United States District Court, E.D. Michigan, Southern Division

April 10, 2015

ALEXANDER WHYMS, Plaintiff,
v.
HSBC BANK USA, Defendant.

OPINION AND ORDER ACCEPTING MAGISTRATE JUDGE'S REPORT AND RECOMMENDATION

BERNARD A. FRIEDMAN, Senior District Judge.

This matter is presently before the Court on plaintiff's motion for injunctive relief [docket entry 3] and defendant's motion to dismiss [docket entry 20]. Magistrate Judge Elizabeth A. Stafford has submitted a Report and Recommendation ("R&R") in which she recommends that plaintiff's motion be denied and that defendant's motion be granted. Plaintiff has filed objections to the R&R. Pursuant to Fed.R.Civ.P. 72(b)(3), the Court reviews de novo those portions of the R&R to which a party has timely and properly objected.

This is a "wrongful foreclosure" action. Plaintiff alleges that defendant, the mortgagee, wrongfully foreclosed the mortgage on plaintiff's home and sold the property by advertisement. The complaint asserts two claims: "illegal foreclosure/professional malpractice" (Count I) and "violation of Fair Debt Collections Act" (Count II). For relief, plaintiff seeks damages. In his separately filed motion for injunctive relief, plaintiff asks that the Court "grant injunctive relief for the reasons set forth in his complaint."

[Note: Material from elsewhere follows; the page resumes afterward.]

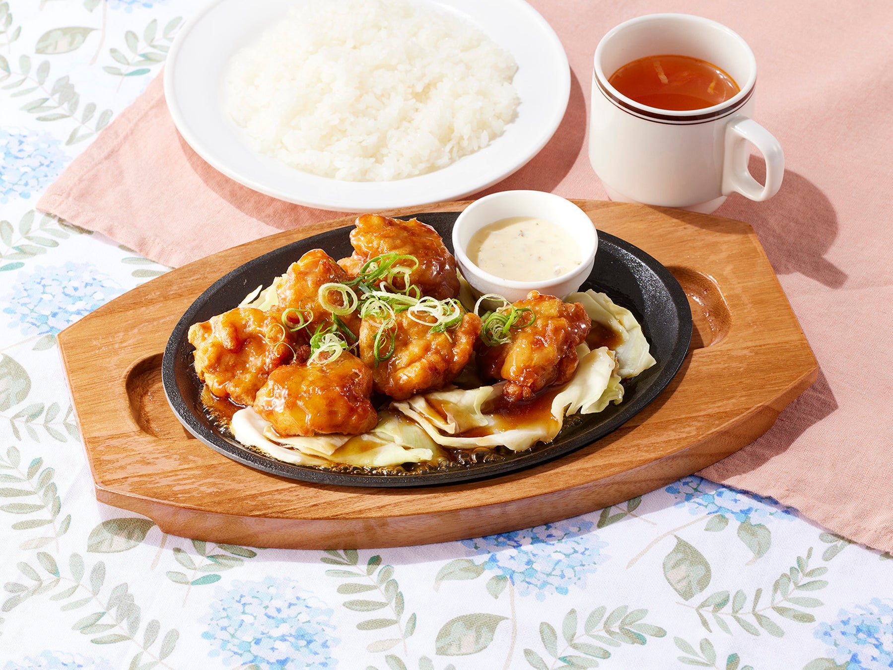 焼くことで甘みを増したシャキシャキのキャベツとジューシーなチキン6個を鉄板にのせ、甘酢がベースのソースをたっぷりかけた食べ応え抜群の一品です。甘辛い風味のソースが食欲をそそり、ライスを食べる手が止まりません!お好みで、別添えの濃厚タルタルソースをたっぷり付けてお召し上がりください。

The magistrate judge recommends that the Court grant defendant's motion to dismiss because the complaint fails to state a cognizable claim. Specifically, she notes that the "illegal foreclosure" claim is inadequately pled and that plaintiff admits he received actual notice of the sale, even if, as plaintiff claims, defendant did not follow the formal notice and publication requirements. She also notes that the "professional malpractice" claim fails because a mortgagee does not owe a mortgagor any such duty. The magistrate judge further notes that the complaint fails to state a claim under the federal or state debt collection practices statutes because no supporting facts are alleged and a mortgagee is not deemed to be a debt collector under these statutes. Finally, the magistrate judge recommends that the Court deny plaintiff's motion for injunctive relief because the motion is not supported by any citation to legal authority.

In his objections, plaintiff argues generally that the motion to dismiss should be denied because the allegations in the complaint suffice to put defendant on notice as to the nature of the claims.

Having reviewed the pleadings, the motion papers, the R&R, and plaintiff's objections, the Court agrees with the magistrate judge's analysis. In addition to the reasons suggested by the magistrate judge, the Court notes that any challenge to the foreclosure in this matter is barred because defendant previously obtained a judgment of foreclosure in state court. That judgment is res judicata and prevents plaintiff from asserting any claim to the subject property. Moreover, the Rooker-Feldman doctrine prevents this Court from entertaining any such claim, as the claim necessarily calls into question a state court judgment. See Tropf v. Fidelity Nat. Title Ins. Co., 289 F.3d 929, 936-37 (6th Cir. 2002) (discussing Rooker-Feldman doctrine). The "professional malpractice" and "violation of fair debt collections act" claims fail for the reasons urged by the magistrate judge. Accordingly,

IT IS ORDERED that Magistrate Judge Stafford's R&R is hereby accepted and adopted as the findings and conclusions of the Court.

IT IS FURTHER ORDERED that plaintiff's motion for injunctive relief is denied.

IT IS FURTHER ORDERED that defendant's motion to dismiss is granted.